I'm looking for clarification about why only the last format in the reprex works. I expect that the first call to fit would not work since {parsnip} requires that the outcome variable is a factor for classification (even though brms() expects a numeric outcome for classification). However, I don't see why the second and third calls to fit() don't work; only the fourth format is successful.

library(bayesian)
library(brms)
library(parsnip)

df1 <- mtcars
df2 <- df1
df2$vs <- factor(df1$vs)

## I expect that this wouldn't work.
bayesian(mode = 'classification') |>
  set_engine('brms') |>
  fit(
    vs ~ mpg + wt + cyl,
    data = df1
  )
#> Error in `check_outcome()`:
#> ! For a classification model, the outcome should be a factor.

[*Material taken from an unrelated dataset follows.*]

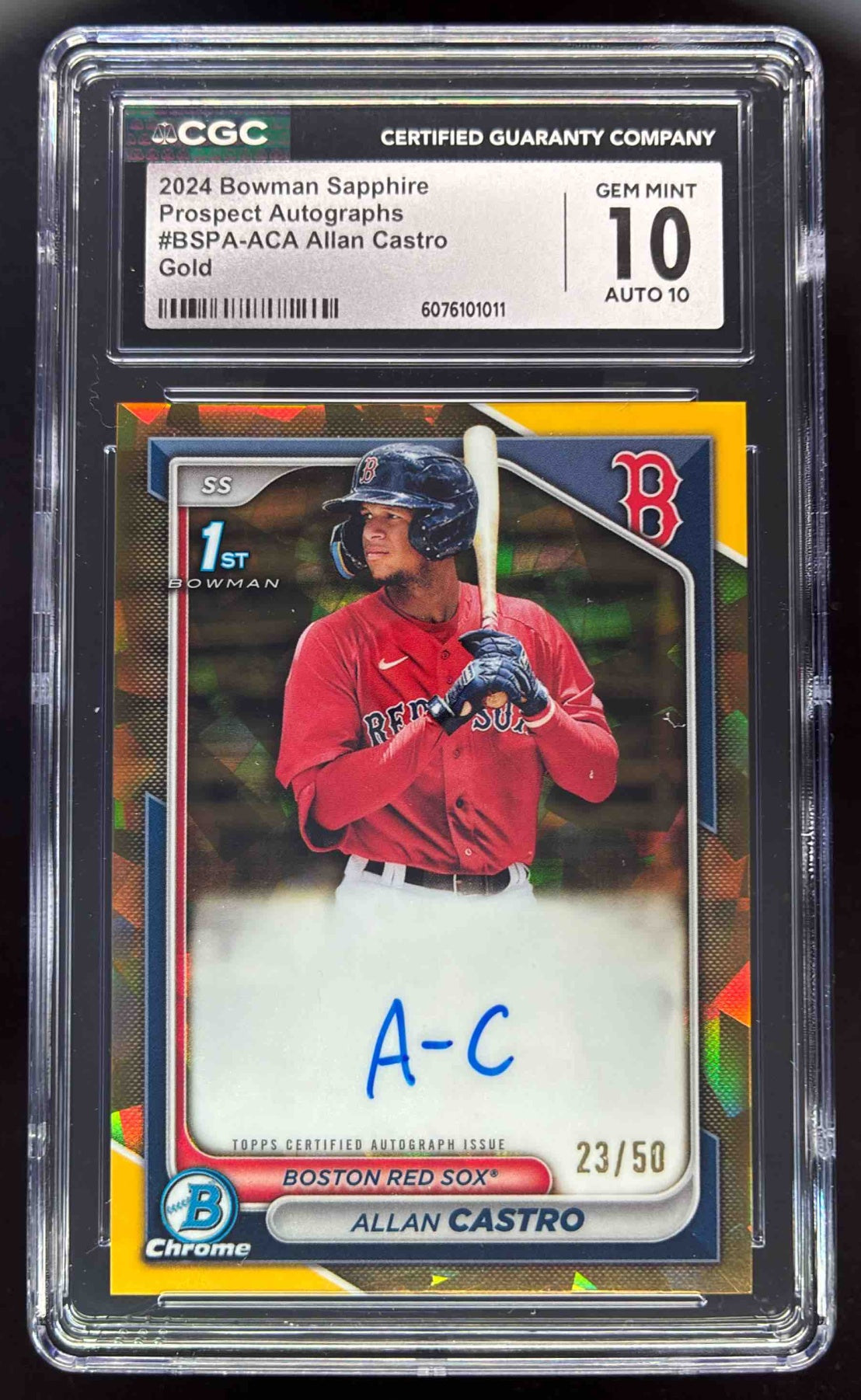 2024 Bowman Sapphire Chrome Gold Sapphire Allan Castro RC Auto /50 CGC 10

## I expect that this would work.
bayesian(mode = 'classification') |>
  set_engine('brms') |>
  fit(
    vs ~ mpg + wt + cyl,
    data = df2
  )
#> Error: Family 'gaussian' requires numeric responses.

## This also seems like it should work?
bayesian() |>
  set_engine('brms', family = bernoulli()) |>
  set_mode('classification') |> 
  fit(
    vs ~ mpg + wt + cyl,
    data = df2
  )
#> Warning: The following arguments cannot be manually modified and were removed:
#> family.
#> Error: Family 'gaussian' requires numeric responses.

## This is the only one that works. Functionally, I don't see why this is different from above.
bayesian(
  mode = 'classification', 
  engine = 'brms', 
  family = bernoulli()
) |>
  fit(
    vs ~ mpg + wt + cyl,
    data = df2
  )
#> Compiling Stan program...
#> ...

You're right about the 1st one. The 2nd one fails a brms check at:
https://github.com/paul-buerkner/brms/blob/004edb522477d88dabe3815aae099b1211561076/R/data-response.R#L109-L111

In general, parsnip requires a factor outcome for classification models while the engine fit function may support, or even require, numeric outcomes for the classification using certain families (e.g., ordinal categorical).